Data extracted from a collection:
++++++++++++++++++++
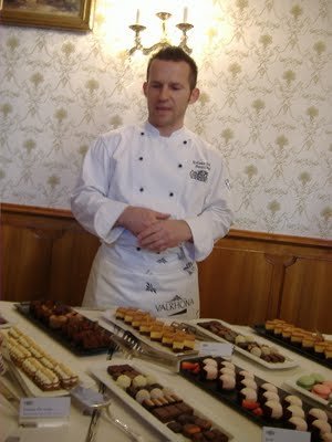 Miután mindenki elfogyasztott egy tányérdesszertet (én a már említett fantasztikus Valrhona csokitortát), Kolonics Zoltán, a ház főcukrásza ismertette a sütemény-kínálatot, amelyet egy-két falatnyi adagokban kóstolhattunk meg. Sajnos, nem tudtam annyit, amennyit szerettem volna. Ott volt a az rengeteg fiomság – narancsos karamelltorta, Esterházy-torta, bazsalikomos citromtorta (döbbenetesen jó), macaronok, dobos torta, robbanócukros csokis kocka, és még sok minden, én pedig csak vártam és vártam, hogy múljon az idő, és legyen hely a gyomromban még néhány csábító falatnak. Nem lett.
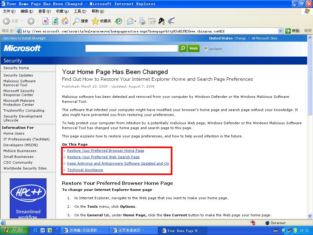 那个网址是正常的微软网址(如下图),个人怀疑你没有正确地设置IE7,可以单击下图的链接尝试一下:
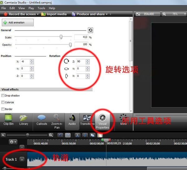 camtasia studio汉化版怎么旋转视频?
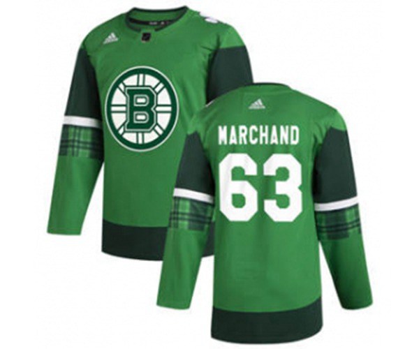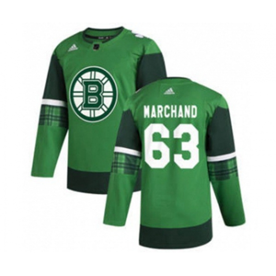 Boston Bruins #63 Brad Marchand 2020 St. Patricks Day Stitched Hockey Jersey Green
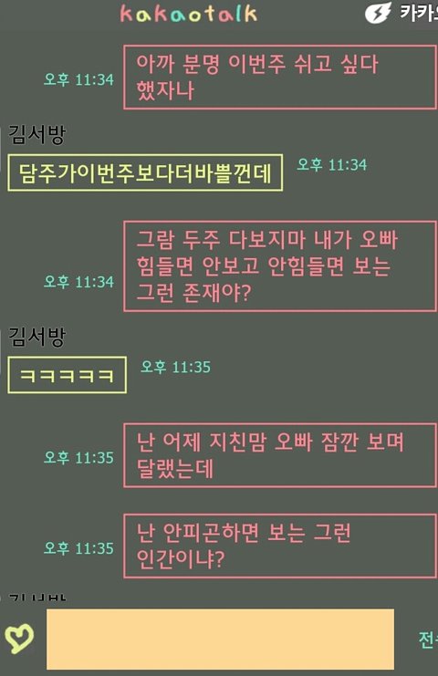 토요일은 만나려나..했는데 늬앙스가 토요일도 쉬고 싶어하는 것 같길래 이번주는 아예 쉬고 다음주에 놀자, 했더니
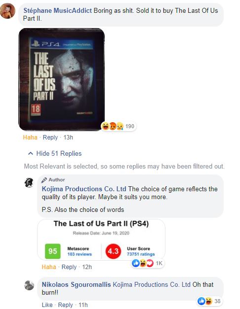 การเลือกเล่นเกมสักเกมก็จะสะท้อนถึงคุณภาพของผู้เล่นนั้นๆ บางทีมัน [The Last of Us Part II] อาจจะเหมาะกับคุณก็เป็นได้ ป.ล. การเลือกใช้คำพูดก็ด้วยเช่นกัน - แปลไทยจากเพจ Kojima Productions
++++++++++++++++++++
*What is needed*.
Word for word, repeat the lines of data above, omitting every picture.

*Task result*.
 Miután mindenki elfogyasztott egy tányérdesszertet (én a már említett fantasztikus Valrhona csokitortát), Kolonics Zoltán, a ház főcukrásza ismertette a sütemény-kínálatot, amelyet egy-két falatnyi adagokban kóstolhattunk meg. Sajnos, nem tudtam annyit, amennyit szerettem volna. Ott volt a az rengeteg fiomság – narancsos karamelltorta, Esterházy-torta, bazsalikomos citromtorta (döbbenetesen jó), macaronok, dobos torta, robbanócukros csokis kocka, és még sok minden, én pedig csak vártam és vártam, hogy múljon az idő, és legyen hely a gyomromban még néhány csábító falatnak. Nem lett.
 那个网址是正常的微软网址(如下图),个人怀疑你没有正确地设置IE7,可以单击下图的链接尝试一下:
 camtasia studio汉化版怎么旋转视频?
 Boston Bruins #63 Brad Marchand 2020 St. Patricks Day Stitched Hockey Jersey Green
 토요일은 만나려나..했는데 늬앙스가 토요일도 쉬고 싶어하는 것 같길래 이번주는 아예 쉬고 다음주에 놀자, 했더니
 การเลือกเล่นเกมสักเกมก็จะสะท้อนถึงคุณภาพของผู้เล่นนั้นๆ บางทีมัน [The Last of Us Part II] อาจจะเหมาะกับคุณก็เป็นได้ ป.ล. การเลือกใช้คำพูดก็ด้วยเช่นกัน - แปลไทยจากเพจ Kojima Productions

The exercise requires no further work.